Animal studies have also found that mulberry leaf extract improved fatty liver and liver metabolism in diabetic mice when incorporated into the diet over eight weeks, suggesting broader metabolic benefits beyond glucose control.

Leaves vs. Fruit vs. Tea: What to Use

Mulberry leaf extract in capsule form offers the most consistent DNJ content and is what most clinical trials have used. Look for products standardized to their DNJ content, with a target of about 12 mg of DNJ per dose taken before meals. Mulberry leaf tea is a traditional preparation and contains DNJ, though the concentration varies with brewing time, leaf quality, and water temperature, making precise dosing harder.

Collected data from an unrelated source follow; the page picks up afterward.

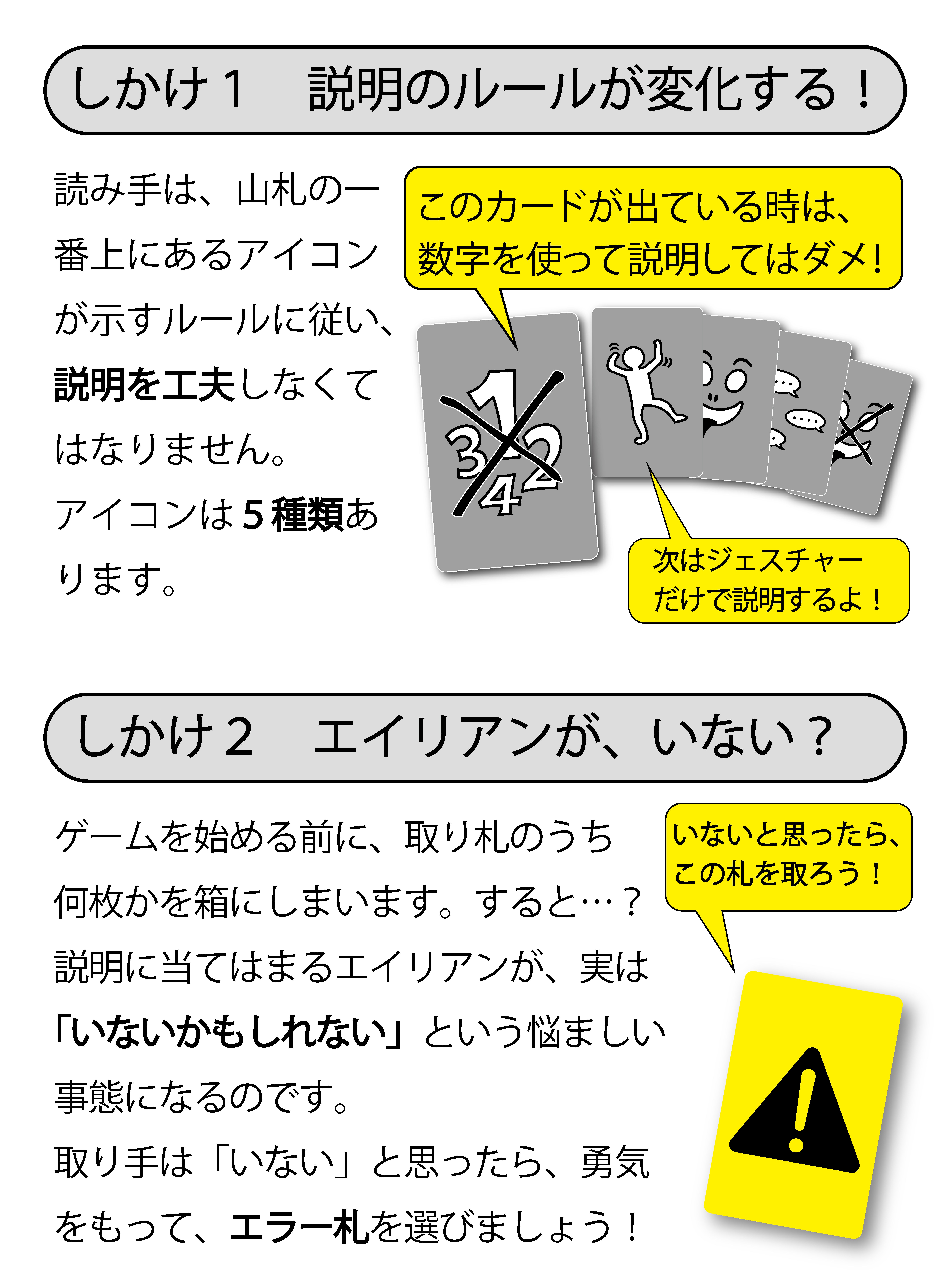 2回まちがえたらゲームオーバー。それまでに取ったカードの枚数によって、ゲームの結末が決まります。皆さんの表現力と想像力を結集させて、悪いエイリアンをどんどん捕まえましょう!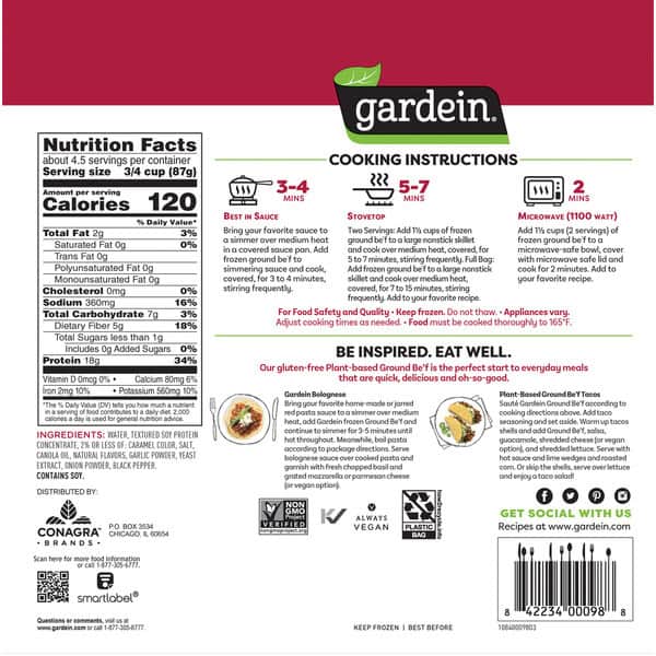 Tacos, shepherd’s pie, bolognese – every family favorite starts with the perfect ground! 18 g protein per serving. 120 calories per serving. Gluten free. Always vegan. No dairy ingredients. Non GMO Project Verified. nongmoproject.org. Be inspired. Eat well. Our gluten-free plant-based ground be’f is the perfect start to everyday meals that are quick, delicious and oh-so-good. www.gardein.com. how2recycle.info. Smartlabel: Scan here for more food information or call 1-877-305-6777. Facebook. Twitter. Pinterest. Instagram. Get social with us. Questions or comments, visit us at www.gardein.com or call 1-877-305-6777. Recipes at www.gardein.com.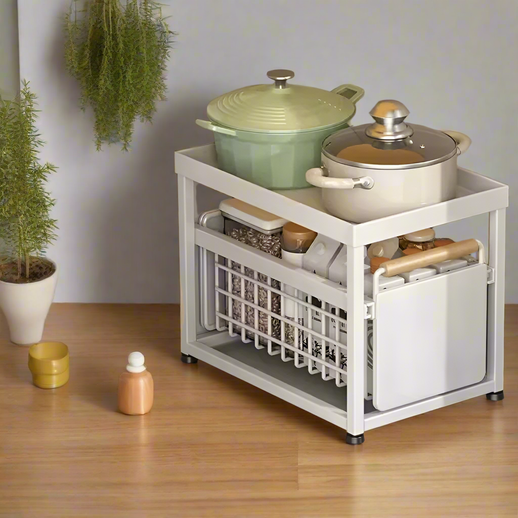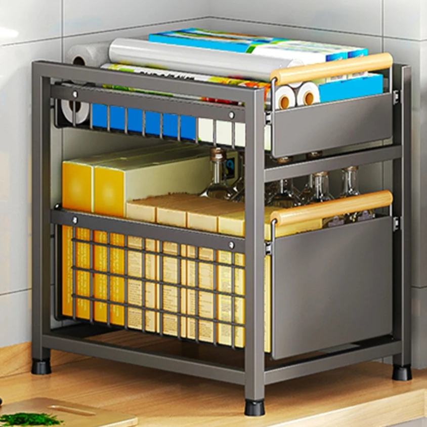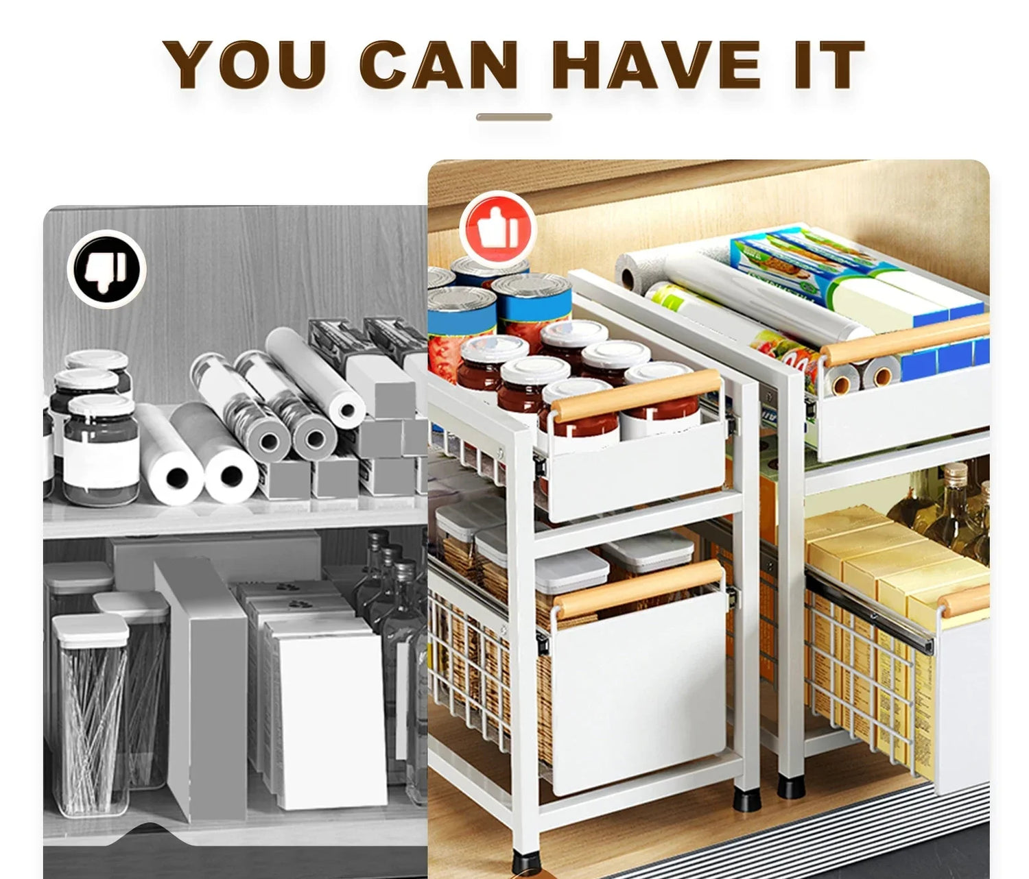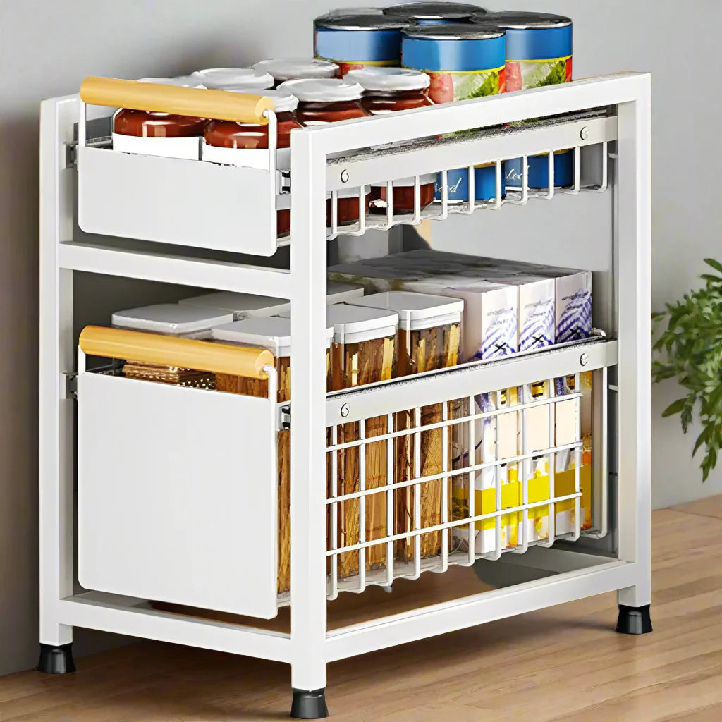 Transformera din kjøkkens oppbevaring med 2-nivå kjøkkenskap uttrekkbar oppbevaringshylla—en slank och effektiv lösning som är utformad för att eliminera skräpet i skåpen och maximera det användbara utrymmet. Perfekt för att organisera kryddor, städmaterial eller skafferiartiklar, hjälper denna utdragbara hylla dig att komma åt dina nödvändigheter med lätthet.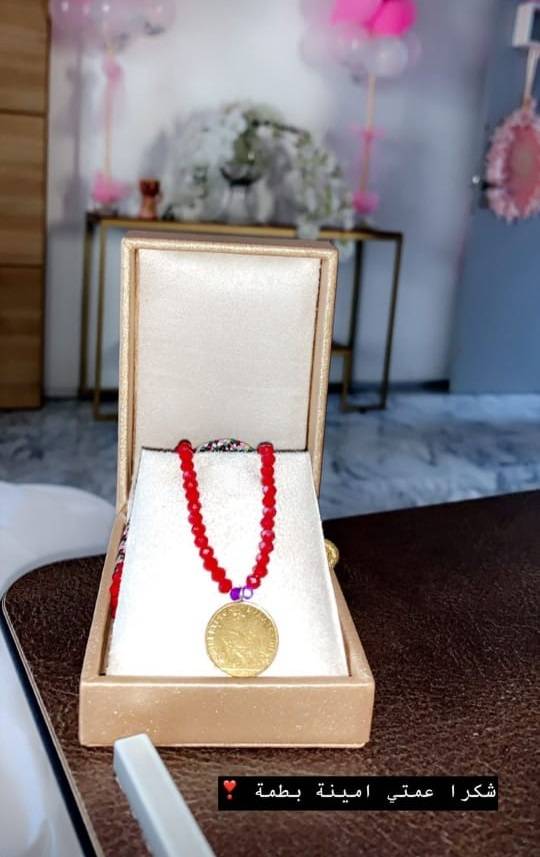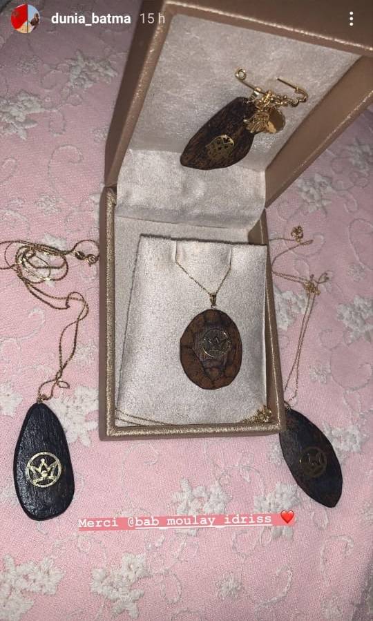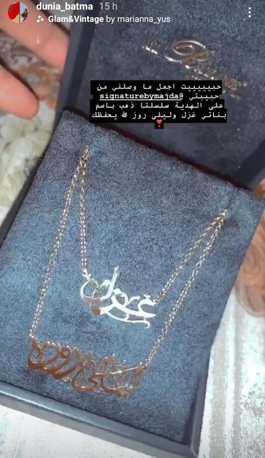 واستعرضت النجمة المغربية قلادتين تحملان اسمَي ابنتيها "غزل" و"ليلى روز"، ووصفتها بأنها "أجمل هدية". وجاء ذلك بعد نشرها مجموعة من الصور مع الطفلتين بملابس متشابهة عبارة عن قفطان مغربي بنفس اللون والتصميم ونالت إعجاب الآلاف من متابعيها.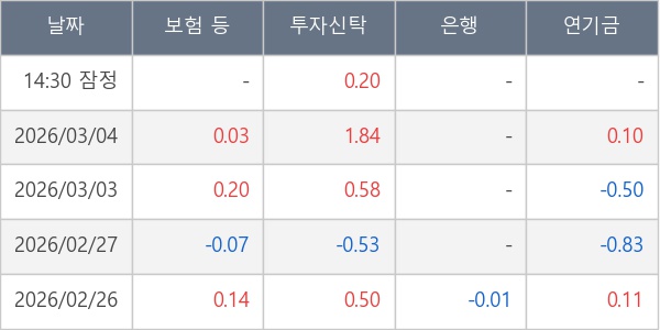 [표] 주요 기관별 순매매량 (단위 만주)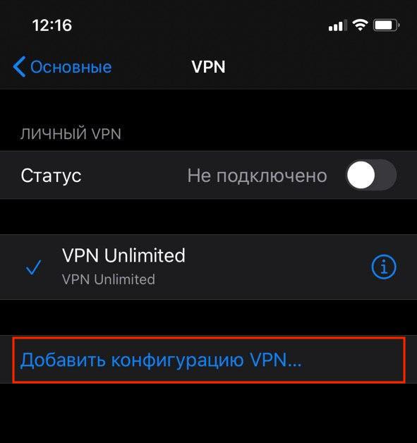 1. Перейдите в Настройки > Основные > VPN > Добавить конфигурацию VPN...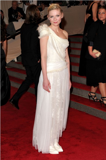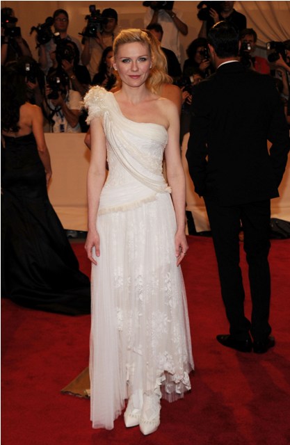 Kirsten Dunst is wearing Rodarte for Gap. Compared to Emma Watson, as far as a one shoulder goes, Kiki’s is so much more interesting, especially the back. Quirky but still elegant, with personality, and totally suited to the night particularly paired with those gran boots. Perfect touch. And it’s the best Kiki’s looked in a long time. Perhaps this year’s Vanity Fair Hollywood Issue, with the new crop of young women, was a little bit of a jolt. After all, Kiki is just 28. They’re all still contemporaries. And she used to be It. So now it’s time to get it back. Good.

Fresh mulberry fruit is low in DNJ but delivers anthocyanins that support insulin sensitivity through a completely different pathway. Eating the fruit is a reasonable addition to a diabetes-friendly diet, but it won’t replicate the post-meal glucose-lowering effect of the leaves. The fruit does contain natural sugars, so portion awareness still applies.

For the most comprehensive benefit, combining mulberry leaf extract before meals (especially dinner) with regular consumption of the dark-colored fruit addresses both carbohydrate absorption and insulin resistance simultaneously.